ASCII Stands for American Standard Code for Information Interchange (pronounced ‘as-key’). This is a standard set of characters understood by all computers, consisting mostly of letters and numbers plus a few basic symbols such as $ and %. Which employs the 128 possible 7-bit integers to encode the 52 uppercase and lowercase letters and 10 numeric digits of the Roman alphabet, plus punctuation characters and some other symbols. The fact that almost everyone agrees on ASCII makes it relatively easy to exchange information between different programs, different operating systems, and even different computers.
It also means you can easily print basic text and numbers on any printer, with the notable exception of PostScript printers. If you are working in the Mac Write word processing application on the Mac and you need to send your file to someone who uses Word-star on the PC, you can save the document as an ASCII file (which is the same as text-only). After you transfer the file to the PC (on a disk or via a cable or modem),the other person will be able to open the file in Word-star.
In ASCII, each character has a number which the computer or printer uses to represent that character. For instance, a capital A is number 65 in the code. Although there are 256 possible characters in the code, ASCII standardizes only 128 characters, and the first 32 of these are “control characters,” which are supposed to be used to control the computer and don’t appear on the screen. That leaves only enough code numbers for all the capital and lowercase letters, the digits, and the most common punctuation marks.

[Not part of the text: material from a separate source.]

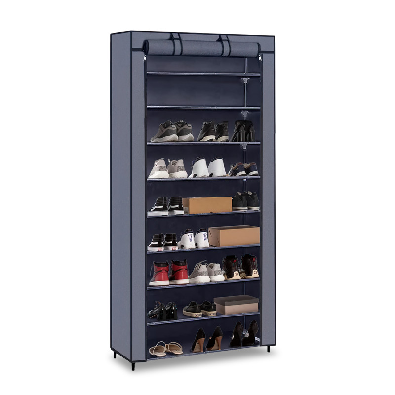 Оптимальное хранение обуви становится легким и компактным с тканевым шкафом для обуви 1Q. Высотой 160 см, этот органайзер на 9 ярусов предназначен для размещения до 27 пар обуви, обеспечивая эффективное использование пространства в вашем доме.
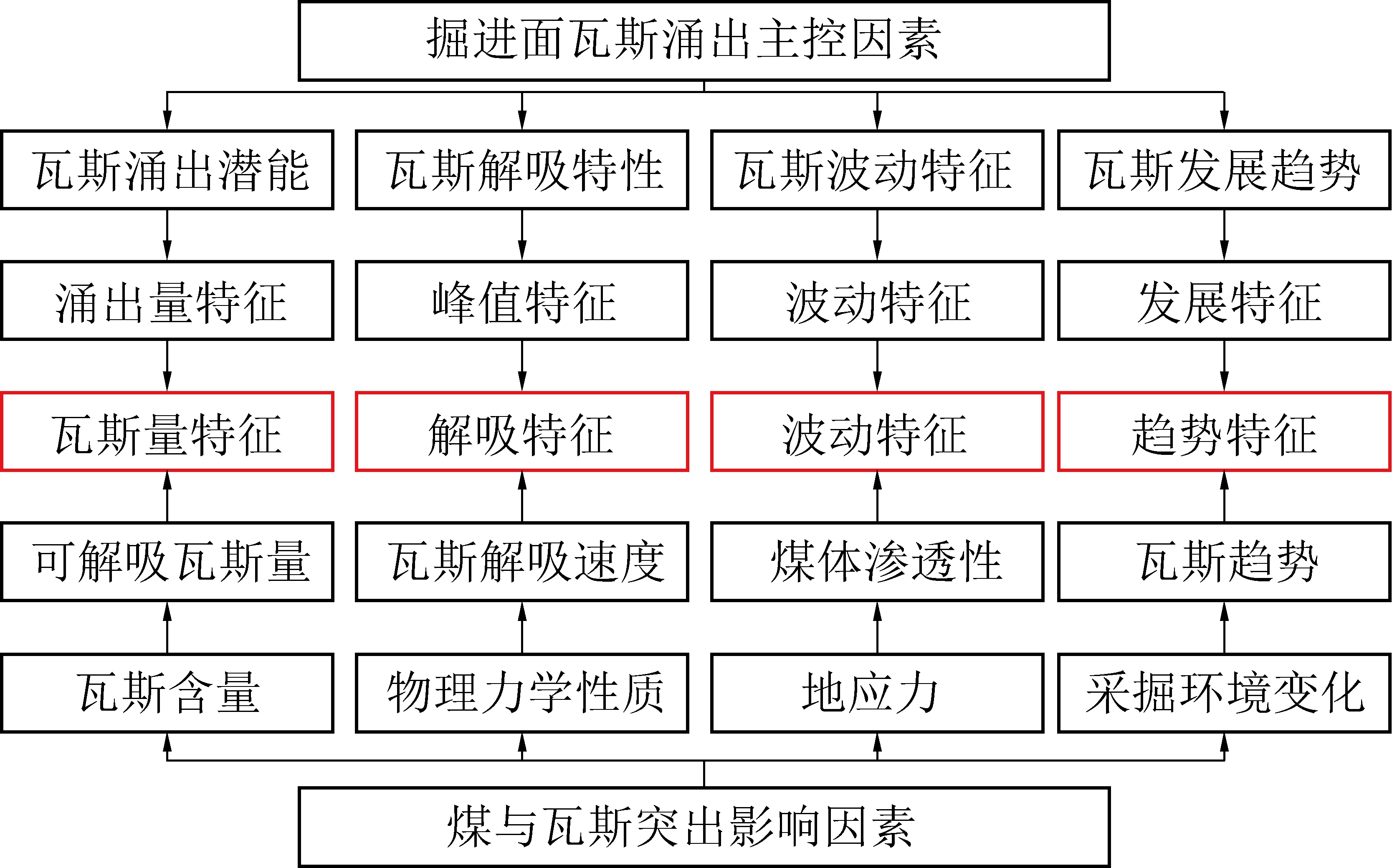 在整个数据驱动防突预警技术中,防突预警模型的建立是核心。防突预警模型的建立是根据煤与瓦斯突出发生发展机理,结合综合作用假说理论,通过对煤与瓦斯突出的主要影响因素进行反演,捕捉突出发生的前兆特征[15-18]。根据目前煤与瓦斯突出的预测手段,突出预警模型的建立主要通过多源数据反演煤体的瓦斯含量、煤体结构及地应力等特征,其中瓦斯含量是重点。煤体瓦斯含量是煤体瓦斯涌出潜能的直接表现,煤体瓦斯涌出量的多少最终取决于煤体本身拥有的瓦斯含量或者瓦斯潜能的多少[19-20]。通过对煤与瓦斯突出的影响因素和工作面瓦斯涌出的主控因素分析,建立了瓦斯量特征、解吸特征、波动特征和趋势特征的四大类预警模型,如图2所示。

Another ASCII limitation is that the code doesn’t include any information about the way the text should look (its format). ASCII only tells you which characters the text contains. If you save a formatted document as ASCII,you will lose all the font formatting, such as the typeface changes, the italics, the bolds, and even the special characters like ©, TM, or ®. Usually carriage returns and tabs are saved.
Unlike some earlier character encodings that used fewer than 7 bits, ASCII does have room for both the uppercase and lowercase letters and all normal punctuation characters but, as it was designed to encode American English it does not include the accented characters and ligatures required by many European languages (nor the UK pound sign £). These characters are provided in some 8-bit EXTENDED ASCII character sets, including ISO LATIN 1 or ANSI 1, but not all software can display 8-bit characters, and some serial communications channels still remove the eighth bit from each character. Despite its shortcomings, ASCII is still important as the ‘lowest common denominator’ for representing textual data, which almost any computer in the world can display.
The ASCII standard was certified by ANSI in 1977,and the ISO adopted an almost identical code as ISO 646.